X = house_data[predictors]
y = house_data[target]
X_train, X_test, y_train, y_test = train_test_split(X, y, test_size = 0.3, random_state = 321)
pipeline = Pipeline(
    [
        ("normalize", StandardScaler()),
        ("poly", PolynomialFeatures()),
        ("model", LassoCV()),
    ]
)
param_grid = {
    "poly__degree": [1, 2, 3],
    "model": [
        LassoCV(max_iter = 10000),
        RidgeCV(),
        TransformedTargetRegressor(
            regressor = LassoCV(max_iter = 10000),
            func=np.log,
            inverse_func=np.exp
        ),
        TransformedTargetRegressor(
            regressor = RidgeCV(),
            func=np.log,
            inverse_func=np.exp
        )
    ],
}
gs = GridSearchCV(
    estimator=pipeline,
    param_grid=param_grid,
    scoring='neg_mean_absolute_error',
    cv=5,
    n_jobs=-1
    # verbose=2,
    # pre_dispatch='2*n_jobs'
)
gs.fit(X_train, y_train)
print(f"best params = {gs.best_params_}")
print(f"best score = {gs.best_score_}")
print(f"best pipeline = {gs.best_estimator_}")
best_model = gs.best_estimator_.named_steps['model']
print(f"best model = {best_model}")




best params = {'model': TransformedTargetRegressor(func=<ufunc 'log'>, inverse_func=<ufunc 'exp'>,
                           regressor=LassoCV(max_iter=10000)), 'poly__degree': 3}
best score = -91578.46123978362
best pipeline = Pipeline(steps=[('normalize', StandardScaler()),
                ('poly', PolynomialFeatures(degree=3)),
                ('model',
                 TransformedTargetRegressor(func=<ufunc 'log'>,
                                            inverse_func=<ufunc 'exp'>,
                                            regressor=LassoCV(max_iter=10000)))])
best model = TransformedTargetRegressor(func=<ufunc 'log'>, inverse_func=<ufunc 'exp'>,
                           regressor=LassoCV(max_iter=10000))

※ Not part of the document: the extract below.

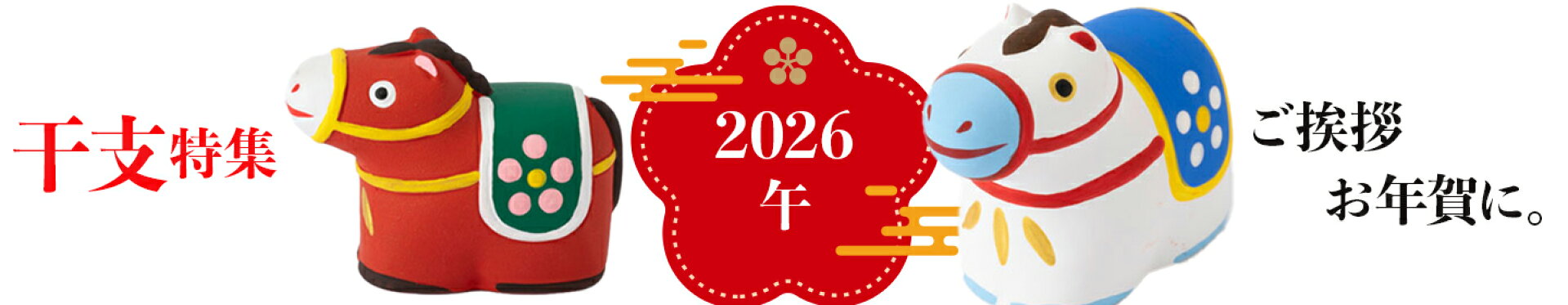 招福干支みくじ 午 2個セット 2026 置物 陶製 縁起物 金運 お正月 お年賀 中川政七商店

**Bonus Exercise** We've seen how a decision tree model has move flexibility, which mean higher variance compared to a linear regression model. One way of understanding variance is that variance describes how sensitive the model is to the training data. A model with high variance can produce vastly different predictions when trained on different subsets.

In this bonus exercise, you'll get to see this in action.

Generate 1000 different linear regression fits, where you only use sqft_living as the predictor variable. For each fit, choose a random sample from the full dataset of size 1000. 
Using the np.linspace function, generate a grid of 100 equally-spaced points between 500 and 3000 and generate predictions on those points. Plot the mean prediction, the 5th percentile, and the 95th percentile for the predictions from these thousand models. Repeat this for a decision tree model. Then do it for a decision tree model with a max_depth of 5.

How do these predictions differ? Which have the most variability?